**** Data to examine

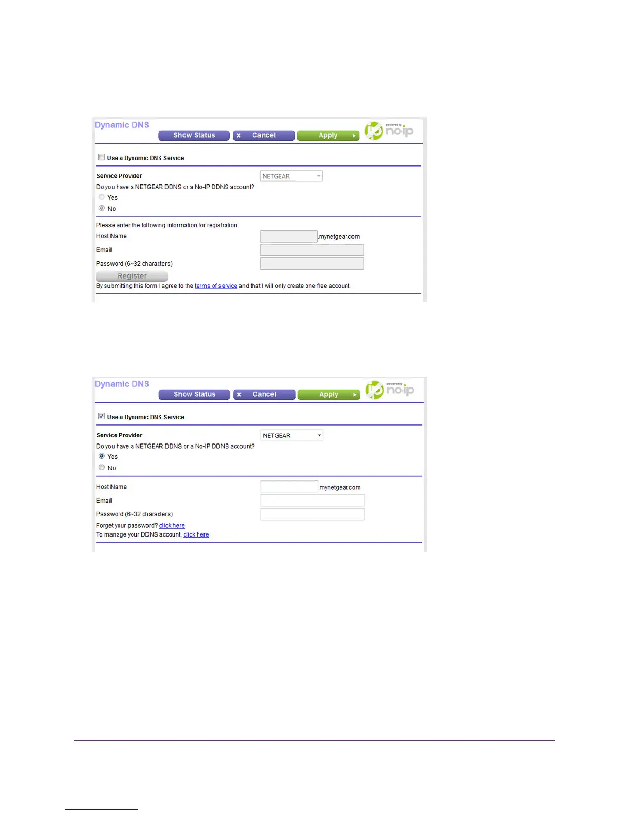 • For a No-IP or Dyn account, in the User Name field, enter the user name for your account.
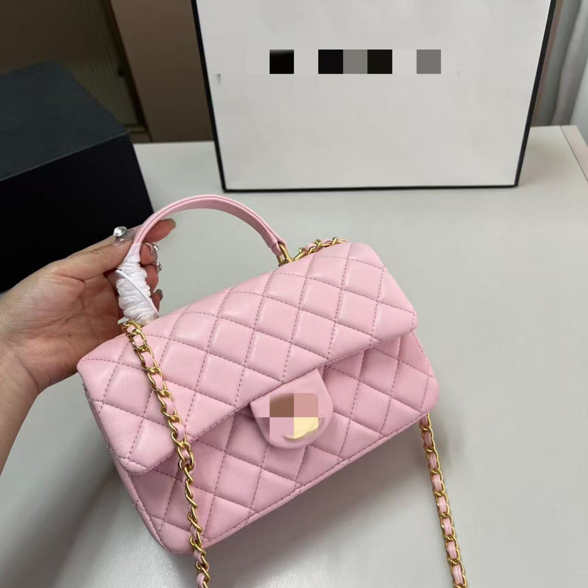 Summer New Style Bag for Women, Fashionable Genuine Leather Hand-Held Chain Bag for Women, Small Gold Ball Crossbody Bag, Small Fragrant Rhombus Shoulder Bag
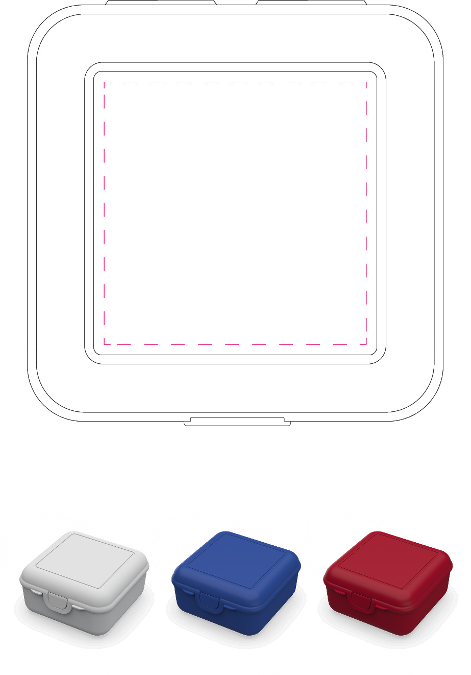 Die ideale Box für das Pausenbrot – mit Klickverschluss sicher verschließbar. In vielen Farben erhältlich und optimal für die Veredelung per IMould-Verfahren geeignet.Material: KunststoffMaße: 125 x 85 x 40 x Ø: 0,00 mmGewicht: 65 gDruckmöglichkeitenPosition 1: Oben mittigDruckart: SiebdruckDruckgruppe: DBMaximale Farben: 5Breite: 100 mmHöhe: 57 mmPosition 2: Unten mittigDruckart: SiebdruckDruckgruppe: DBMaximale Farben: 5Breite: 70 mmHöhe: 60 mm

********
**** Data to examine

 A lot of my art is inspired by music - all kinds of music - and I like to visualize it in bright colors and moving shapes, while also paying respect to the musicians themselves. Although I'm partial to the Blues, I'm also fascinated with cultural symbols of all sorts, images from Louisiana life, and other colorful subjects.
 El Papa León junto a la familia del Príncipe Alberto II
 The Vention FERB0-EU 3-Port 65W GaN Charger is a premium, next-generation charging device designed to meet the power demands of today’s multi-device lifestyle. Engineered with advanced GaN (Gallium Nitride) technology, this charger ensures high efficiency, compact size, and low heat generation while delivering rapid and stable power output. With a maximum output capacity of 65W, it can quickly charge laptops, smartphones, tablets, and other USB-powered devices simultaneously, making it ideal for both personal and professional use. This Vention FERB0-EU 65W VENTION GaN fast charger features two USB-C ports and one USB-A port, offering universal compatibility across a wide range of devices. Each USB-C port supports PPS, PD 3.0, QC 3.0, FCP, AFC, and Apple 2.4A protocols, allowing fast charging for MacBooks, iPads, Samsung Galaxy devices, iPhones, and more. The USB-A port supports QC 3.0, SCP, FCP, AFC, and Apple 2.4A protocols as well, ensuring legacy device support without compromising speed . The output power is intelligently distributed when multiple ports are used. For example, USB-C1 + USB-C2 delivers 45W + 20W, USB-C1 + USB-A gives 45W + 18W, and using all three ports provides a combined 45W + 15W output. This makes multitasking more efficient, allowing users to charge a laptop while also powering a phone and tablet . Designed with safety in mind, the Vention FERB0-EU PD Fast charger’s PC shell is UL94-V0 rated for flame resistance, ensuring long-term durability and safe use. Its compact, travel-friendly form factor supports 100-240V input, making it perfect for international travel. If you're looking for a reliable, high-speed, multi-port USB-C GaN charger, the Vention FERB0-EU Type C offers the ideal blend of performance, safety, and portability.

********
**** Data to examine

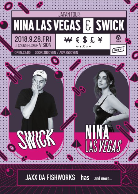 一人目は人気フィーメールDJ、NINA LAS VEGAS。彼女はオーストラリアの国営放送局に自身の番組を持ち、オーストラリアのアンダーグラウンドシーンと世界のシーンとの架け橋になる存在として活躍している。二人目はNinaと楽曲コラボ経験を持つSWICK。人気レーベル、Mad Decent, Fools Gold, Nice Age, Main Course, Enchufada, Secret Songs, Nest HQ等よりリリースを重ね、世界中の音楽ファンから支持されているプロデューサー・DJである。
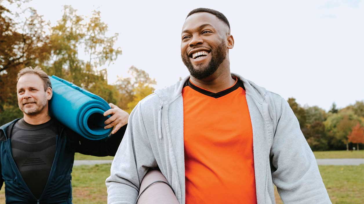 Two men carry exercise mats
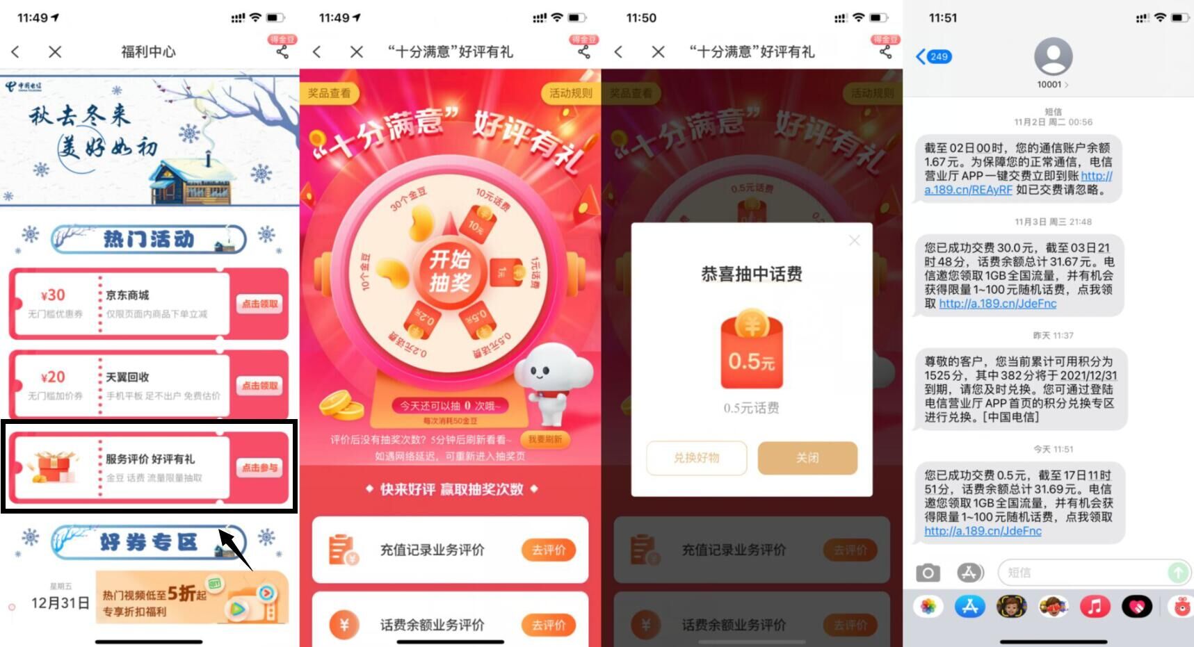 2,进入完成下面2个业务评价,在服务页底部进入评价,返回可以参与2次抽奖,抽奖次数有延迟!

********

- _Task_
Your answer must be the exact lines from the records above, from the one containing "Two men carry exercise mats" through the one containing "2,进入完成下面2个业务评价", both included, with every picture left out.

- _Output for this task_
 Two men carry exercise mats
 2,进入完成下面2个业务评价,在服务页底部进入评价,返回可以参与2次抽奖,抽奖次数有延迟!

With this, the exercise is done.